## INFORMATION PROVIDED
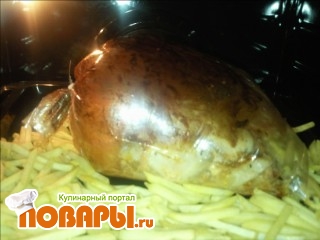 Периодически поглядывая, не переворачивая, готовим цыплёнка около часа, до золотистого цвета. Картофель можно перевернуть разок, и тоже готовить до золотистого цвета. Если картофель приготовится раньше - выньте раньше, а цыплёнок пусть готовится. Ничего страшного, что пакет будет чёрным изнутри, смотрите на цвет курочки. Как только цвет стал привлекательно-золотистым разрываем пакет в центре и достаём цыплёнка.
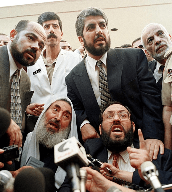 Mohammad Nazzal, a la derecha, habla con periodistas en Amán, Jordania, el 6 de octubre de 1997. A su izquierda se encuentra el fundador y líder espiritual de Hamás, el jeque Ahmed Yassin, asesinado por Israel en 2004. Detrás de ellos se encuentran los altos dirigentes de Hamás Musa Abu Marzuk, Khaled Meshaal e Ibrahim Ghosheh. (Foto de Jamal Nasrallah/AFP vía Getty Images)
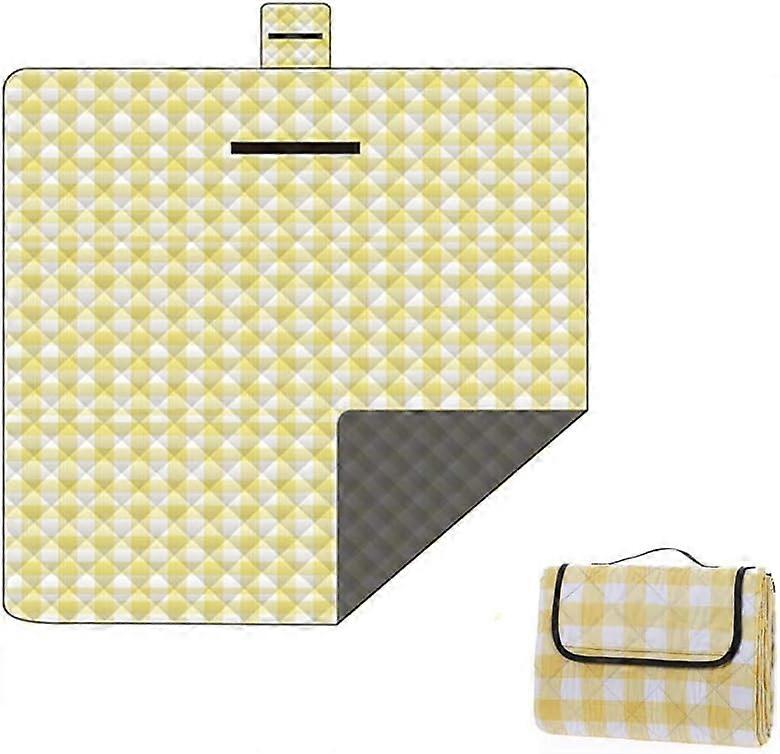Extra Large Picnic Blanket, 79''x79'', Portable Folding Checkered Plaid Mat for Park, Grass, Outdoor, Beach, Camping, Yellow and White

## WORK TO BE COMPLETED
Please copy the data above word for word, but only from the line that contains "Mohammad Nazzal, a" through the final line, both included, and without the pictures.

## PROBLEM SOLUTION
 Mohammad Nazzal, a la derecha, habla con periodistas en Amán, Jordania, el 6 de octubre de 1997. A su izquierda se encuentra el fundador y líder espiritual de Hamás, el jeque Ahmed Yassin, asesinado por Israel en 2004. Detrás de ellos se encuentran los altos dirigentes de Hamás Musa Abu Marzuk, Khaled Meshaal e Ibrahim Ghosheh. (Foto de Jamal Nasrallah/AFP vía Getty Images)
Extra Large Picnic Blanket, 79''x79'', Portable Folding Checkered Plaid Mat for Park, Grass, Outdoor, Beach, Camping, Yellow and White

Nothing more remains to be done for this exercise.